Exercise material section start

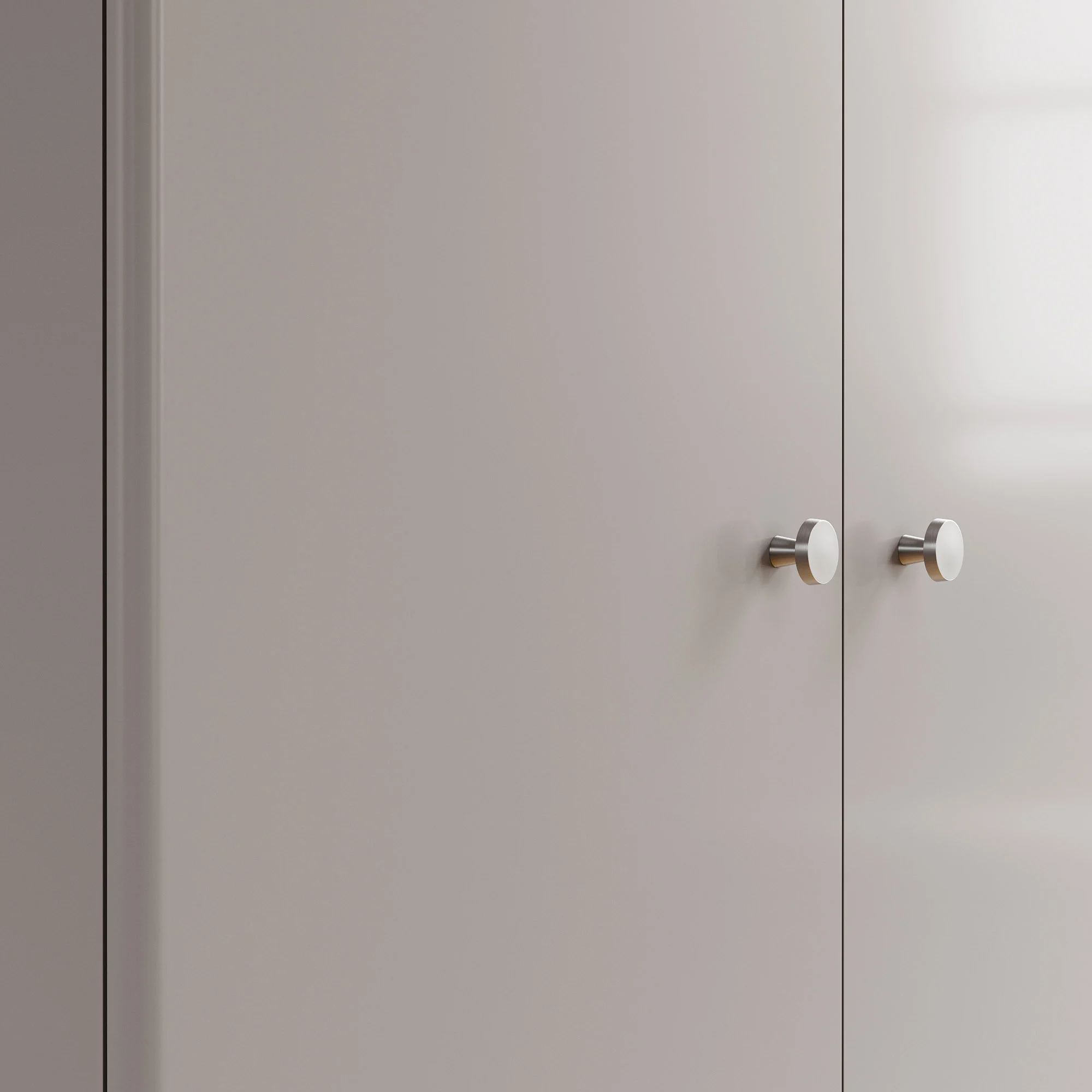 — Металлические ручки—кнопки: Доступны в четырех отделках: шлифованное золото, черный матовый, шлифованная сталь, графит.
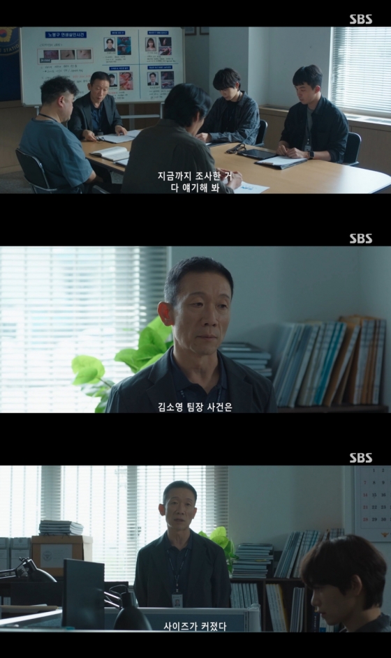 이어 최근 발생한 노봉구 연쇄살인사건에 대한 회의가 진행됐다. 수사 보고서를 찬찬히 읽어본 유 팀장은 "사람이 네 명이나 죽어 나가는데 그동안 뭐 했냐. 이러고도 니들이 경찰이냐"라며 후배들의 수사 부진을 질타했다.
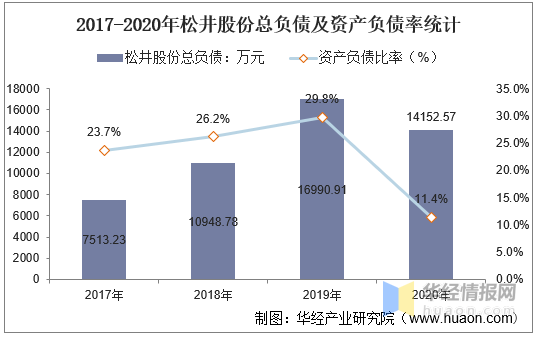 2020年松井股份总负债为14152.57万元,相比2019年减少了2838.34万元,同比下降16.71%。资产负债率11.39%。
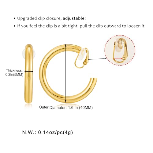 • Non-Pierced Hoop Earrings for Women: The top of the 40mm large hoop clip on earrings is a spring clip closure design and has soft non-slip pads, so people who don't have pierced ears can also enjoy wearing the fashionable gold hoop earrings.
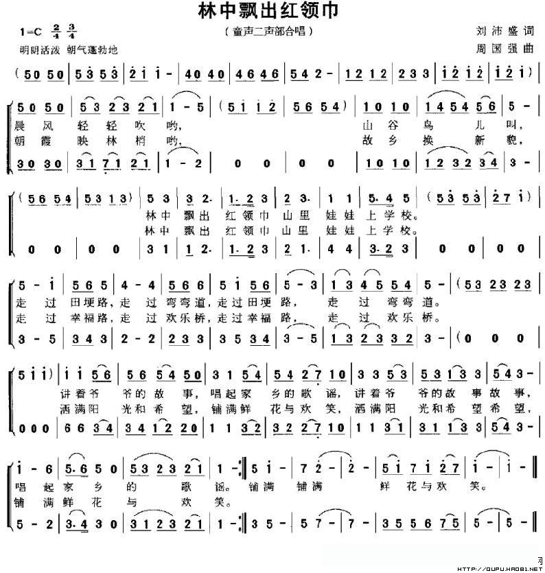 林中飘出红领巾(童声二声部合唱)的简谱歌词
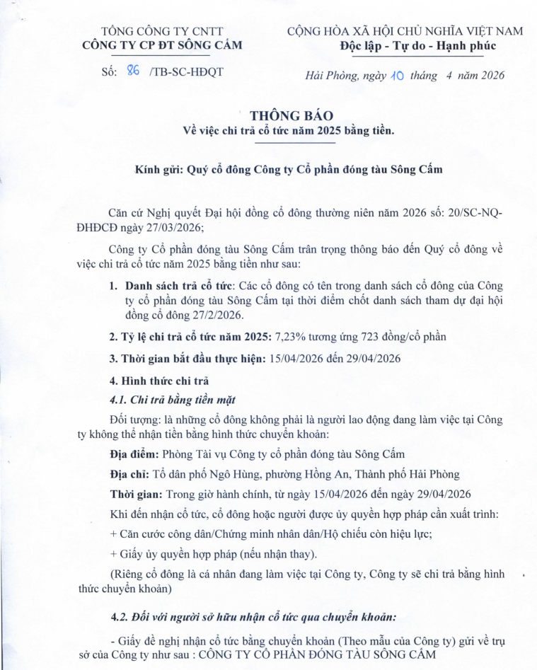 Công ty cổ phần đóng tàu Sông Cấm trân trọng gửi tới quý Cổ đông Thông báo số 86/TB-SC-HĐQT Về việc chi trả cổ tức năm 2025 bằng tiền.

Exercise material section end

Reproduce verbatim, and only, the lines starting at the one that contains "이어 최근 발생한 노봉구" and ending with the final line of the records; leave out the pictures.

 이어 최근 발생한 노봉구 연쇄살인사건에 대한 회의가 진행됐다. 수사 보고서를 찬찬히 읽어본 유 팀장은 "사람이 네 명이나 죽어 나가는데 그동안 뭐 했냐. 이러고도 니들이 경찰이냐"라며 후배들의 수사 부진을 질타했다.
 2020年松井股份总负债为14152.57万元,相比2019年减少了2838.34万元,同比下降16.71%。资产负债率11.39%。
 • Non-Pierced Hoop Earrings for Women: The top of the 40mm large hoop clip on earrings is a spring clip closure design and has soft non-slip pads, so people who don't have pierced ears can also enjoy wearing the fashionable gold hoop earrings.
 林中飘出红领巾(童声二声部合唱)的简谱歌词
 Công ty cổ phần đóng tàu Sông Cấm trân trọng gửi tới quý Cổ đông Thông báo số 86/TB-SC-HĐQT Về việc chi trả cổ tức năm 2025 bằng tiền.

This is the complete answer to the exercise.